His appetite was only sated when he won Stage 10 on this year’s Tour de France, making him the first Irish rider since Kelly to lead any competition at the Tour and only the second Irishmen, after Shay Elliott, to win stages on all three Grand Tours.
Sean Kelly was the last Irish cyclist to win the Tour's green jersey. Billy Stickland / INPHO Billy Stickland / INPHO / INPHO
“What can I say, it’s great to see Sam in the green jersey,” said Kelly, who saw him grow up in Carrick and who brought him through the ranks at his An Post team at the start of the last decade, watching him evolve from a kid into a star.
“I remember when he was young, maybe 13 or so, before he started racing back in Ireland actually, and we used to be down by the seaside in a caravan park and he used to be racing around there with my son who is the same age, and people would be giving out to them because they’d be zig-zagging and riding in between people.

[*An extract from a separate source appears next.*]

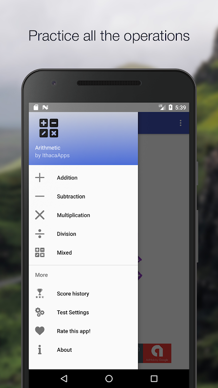 Be the master of math and arithmetic: practice arithmetic operations choosing from three types of tests.
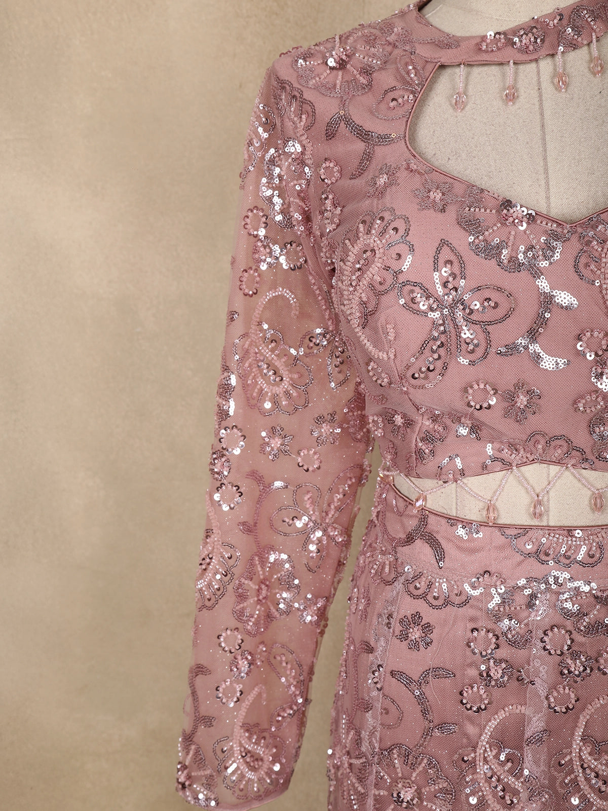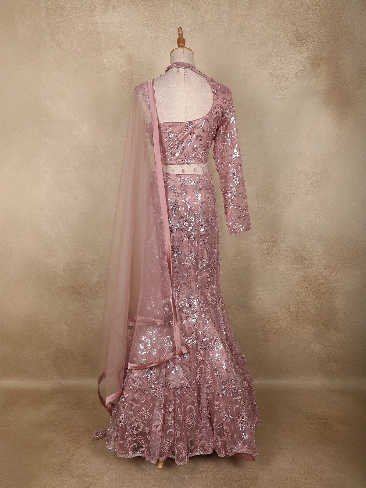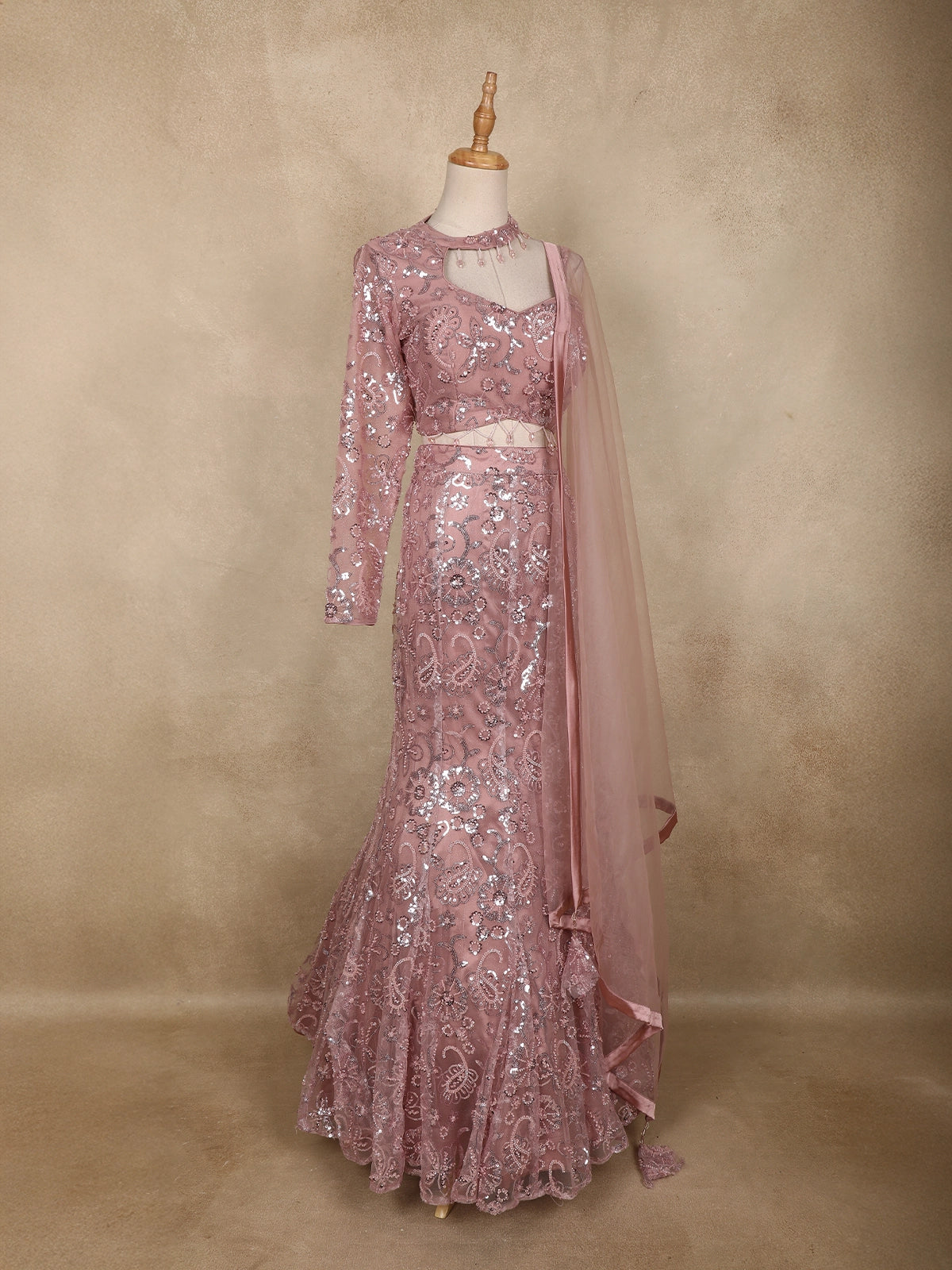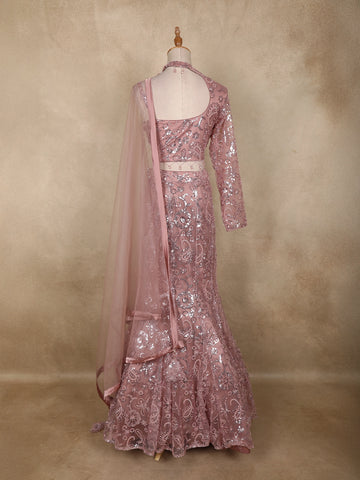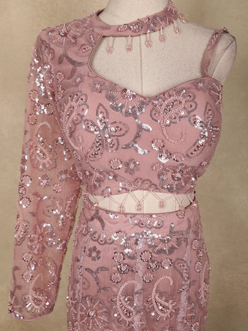 Dusty Rose Sequins Embroidered Net Mermaid Lehenga Set with One-Sleeve Choker Blouse

That was before he joined the local club and got into racing,” Kelly told Cyclingnews.
“When he started back in Ireland he was dominating the races all the time. There was always that potential there but it’s always difficult to know how far riders will go because they can be really good in the juniors but when they move up they don’t perform at the same level. When Sam moved up to the under-23 level, though, he showed that he had a fast sprint. We took him onto the An Post team and he kicked on a lot. He won a stage in the Tour of Britain and that was a bit of a breakthrough for him.”
It certainly was. Had he not done so well in that Tour of Britain, seven years ago, he may have not got a contract with pro team, NettApp-Endura. Without a contract, he may have given up. “It was a case of would I give up cycling, go back to college and get a degree or something,” he said in a 2014 interview. “If I didn’t make it that year, I knew I was getting older and it was going to be harder to get a team.
“It was make or break. The team needed a sprinter and I knew I was in the shop window. Thankfully they were impressed when I got a few results.”
Lately, the results have got better and better. One of his best was on Friday’s 19th stage to Champagnole, when he finished eighth in the reduced bunch sprint. Sagan, his rival, came ninth. The green jersey was pretty much guaranteed then.
“I think when I arrive onto the Champs Elysees [on Sunday], for that first lap, wearing the green, it’s going to be amazing,” Bennett said last night after completing Saturday’s time trial to La Planche des Belles Filles. “I’ll probably have a tear in my eye.”
Theoretically, Sagan can still catch him. He trails Bennett by 69 points and 70 points are still up for grabs. So if Sagan wins all the intermediate sprints and the stage itself, then the green jersey could be his – providing of course, Bennett doesn’t pick up a point.
But realistically, there is no chance of that happening. “I’m ready,” he said last night of the challenge he faces today.
Having spent a lifetime waiting for the opportunity, he’s not going to pass it up now.